The AUGB also urged the UK Government to continue to support Ukraine through the OSCE and the UN, and to use its influence with the US government to ensure that the free world remains united for Ukraine.

The text below is the Foreign Secretary’s reply.

Thank you for your letter of 1 February about the situation in eastern Ukraine.

I was concerned by the recent outbreak of fighting around Avdiyivka, in particular the deteriorating humanitarian situation that accompanied the loss of power, heating and water. The return to widespread use of heavy weaponry proscribed under the Minsk agreements is also concerning.

We strongly condemned the actions of the Russian Federation in the United Nations Security Council discussions on Avdiyivka earlier this month. 

We will continue to hold Russia to account both in the UN and other multilateral fora, as it is clear that it is supplying troops, equipment and other support to the separatists. 

Russian support has played a significant part in the continuing violence and instability in eastern Ukraine. 

Russia needs to fulfil its own obligations and use its influence over the separatists to ensure they implement the Minsk agreements.

As the Prime Minister has recently made clear in Parliament and in the United States, the United Kingdom continues to stand by Ukraine in full support of its sovereignty and territorial integrity. 

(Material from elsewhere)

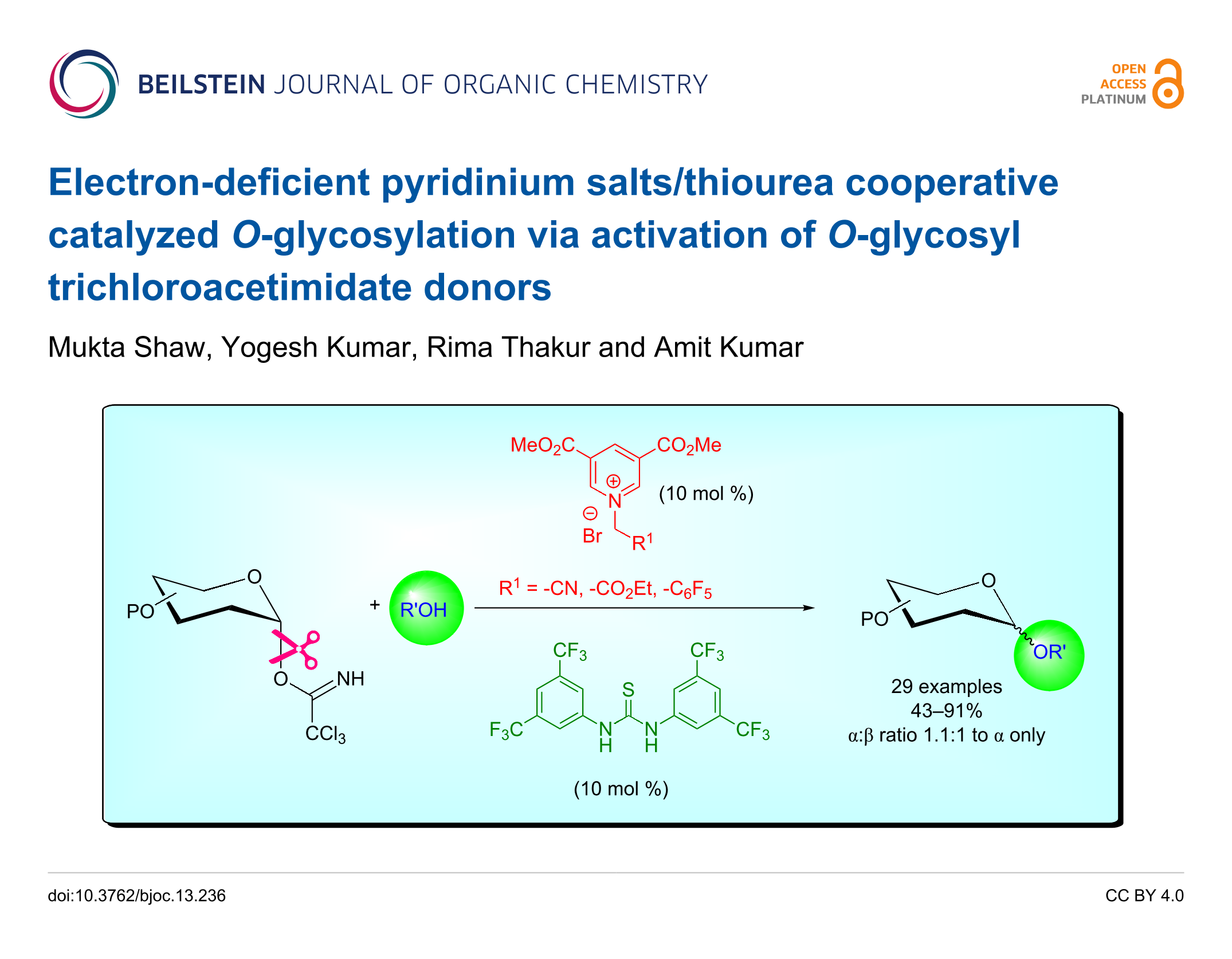 - Aghi, A.; Sau, S.; Kumar, A. Exploiting π and hydrogen bonding interactions of a strain-free pyridinium tetrafluoroborate salt for stereoselective synthesis of O-aryl glycosides. Organic Chemistry Frontiers 2025, 12, 2362–2374. doi:10.1039/d4qo02401j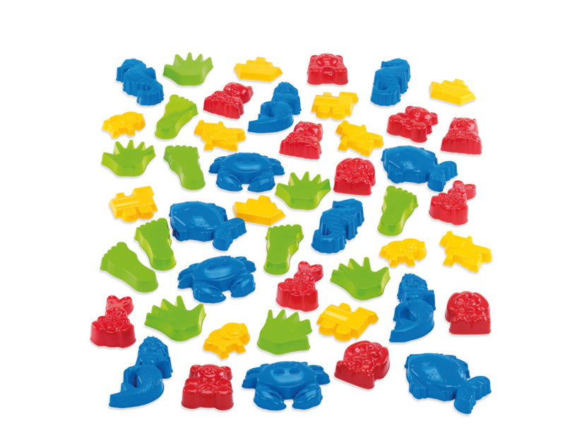 Kleurrijke handen, voeten, voertuigen, boerderij- en zeedieren... Elk kind vindt zeker zijn favoriete motief om het zand in vorm te brengen.

Russia and Ukraine were a key theme of the Prime Minister’s early discussions with President Trump. 

Dialogue between the US and Russia is in the interests of all parties, but the Prime Minister was clear that any relationship with Russia must be conducted both from a position of strength and with appropriate level of caution.

The United Kingdom will continue to argue, in the EU and elsewhere, that sanctions should remain in place until Russia has implemented its Minsk commitments in full. Crimea sanctions will remain until Russia has returned the peninsula to Ukraine.

SWIFT is not a public body or owned by its member states, and therefore the ability of any country to press for sanctions through SWIFT would be limited. Ultimately it is a commercial decision for SWIFT to decide which countries to connect or disconnect from its service. 

The current sanctions regime is effectively delivering a significant cost to Russia for its actions in Ukraine and illegal annexation of Crimea.

Officials from the Ukraine Team at the FCO would welcome the opportunity to discuss these issues further with you.